A number of us know that experience. I know something of it. My mother was in fine health when she got the flu. I was in the sacristy one Sunday after services talking with Fr. Doug Travis, when Bob came in and told me my mother were dead. It was a horrible shock.
When things like that occur it almost seems unreal; in fact everything seems absolutely surreal and dark. There is no sense of hope in the freshness of that grief. One is only in a daze of grief and pain and even fear.
That is what the disciples of Jesus were experiencing. They had just seen Jesus go through this horrific, torturous death; they were in the throes of insurmountable grief and pain, but not only that, they were terrified that the same thing could very well happen to them.

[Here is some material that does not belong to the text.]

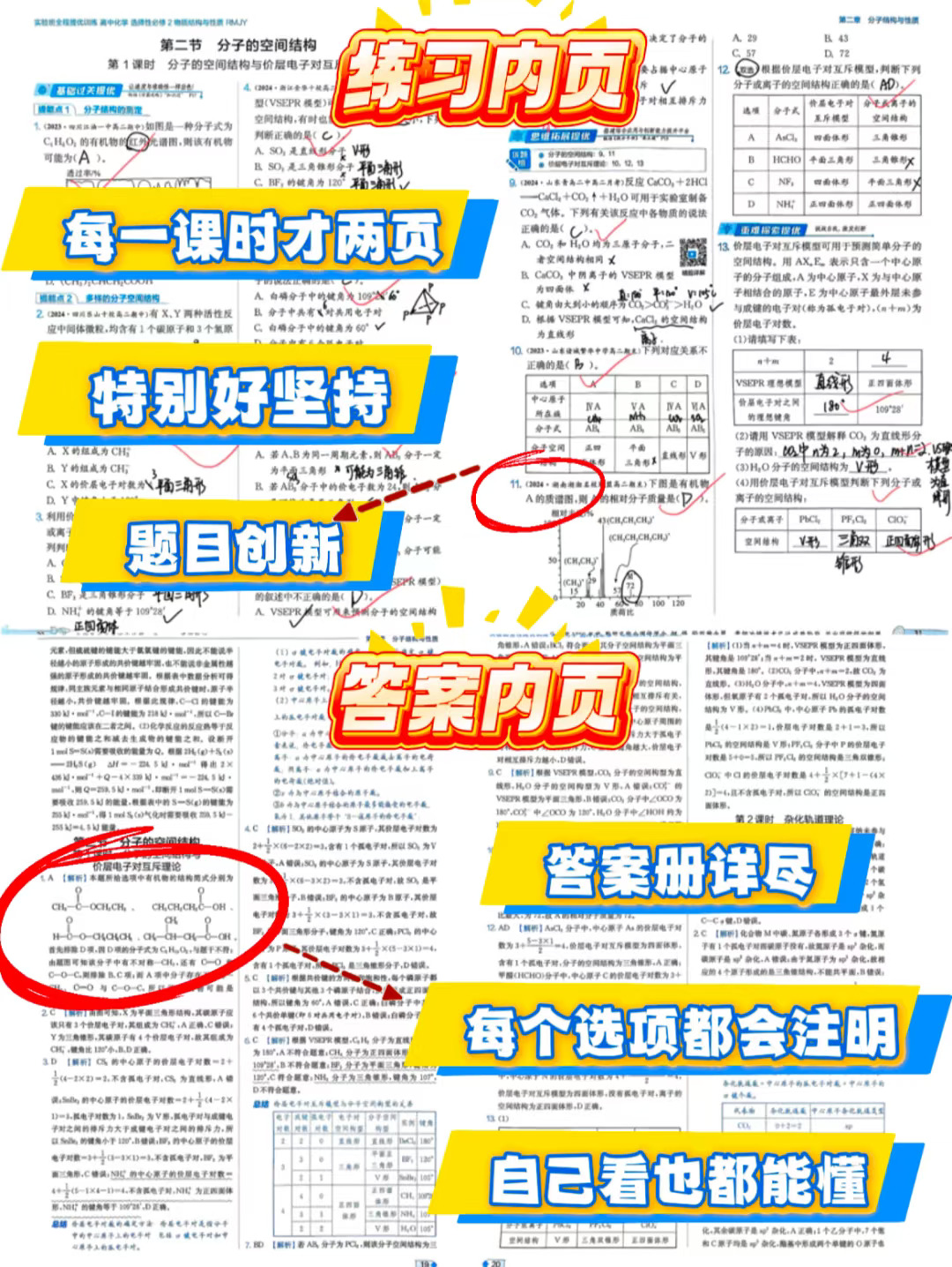 图中是以人教版选择性必修二教材第二章第二节(分子的空间结构)为例,给大家做了图文演示,想要图片涉及到的笔记、练习、答案请告诉我。

The women were a little safer, (men were the ones who were charged with insurrection and crucified for it). So these women who had followed Jesus everywhere went with this heavy dark grief to the tomb to anoint His body.
But then they found the tomb empty, and these strange men, these messengers told them that Jesus wasn't there because he had been raised from the dead. What? Alive! What?

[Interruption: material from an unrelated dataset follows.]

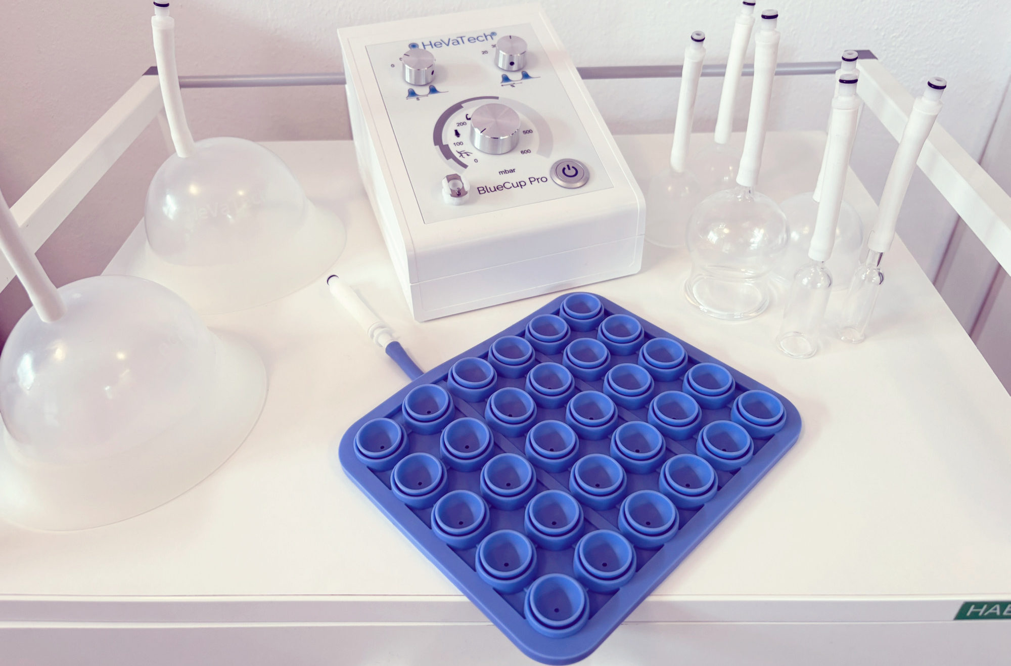Dabei setzte ich in meiner Praxis das BlueCupPro – Gerät der Firma HeVaTech ein. Es ermöglicht eine exakte, individuelle Druckeinstellung. Durch die Pulsation des Gerätes entsteht zusätzlich eine Massage im Vakuum.

No wonder the men at first didn't believe them. Would any of us have automatically believed them? But when they found it was true, well, think how it would be to have your emotions jerked from one extreme to the exact opposite extreme.
I would think that kind of dramatic change of emotion, though wonderful, would be a bit hard on the human system.
Easter brings up life-and-death concerns. A Canadian scientist said, "I have only two questions to ask: One, has anyone ever defeated death? And two, did he make a way for me to do it also?"
Well, the story that we celebrate tonight is the answer to those two questions. Yes, Jesus did defeat death, and yes, he did make a way for us to do it also. At least that's the Christian story.
This hope is the heart of Jesus' message. It is what the apostles fearlessly and unflinchingly preached.
Albert Einstein spoke many times of how a scientific hypothesis works. He said that "A scientist tells himself a story and then finds out by experiment whether it is true or not."
Before he was the nationally famous chaplain at Yale University, before he was the minister of the great Riverside Presbyterian Church in New York, and before he was a well-known activist in the field of peacemaking, William Sloane Coffin Jr. was searching for faith.
He described a crucial transition in his faith-journey: "Slowly," he said, "I found myself changing from the seeker who looks hoping something's there, to the kind who knows something's there, if only he can find it."
Some of us here tonight have absolutely no doubt about the truth of the resurrection. Some come with doubt. And some are somewhere in between. We are all in different places on our faith journey. What is important is that we are here.
The story of the resurrection of Jesus is the central story of our faith. It matters that the resurrection happened! This story not only proclaims the risen Jesus, but also summons us to follow Jesus and to obey and trust him.
Wherever we find ourselves on our faith journey, this is our story, and so this is our experiment; it is the greatest experiment of a lifetime!
If we embrace this story and daily undertake this experiment, the truth of it will become evident. We will discover how God's Spirit brings hope to people who can't imagine a way out.
What looked like a dead-end becomes a thoroughfare. What appeared to be a cave turns out to be a tunnel through the mountain. God’s Spirit brings resurrections, not just One long ago, but again and again in God's people.
If we undertake in hope this experiment, proclaiming the story of the resurrection of Jesus and following Him, we will demonstrate to ourselves and to the world how profoundly true the story of the church, the story of Jesus is. Amen.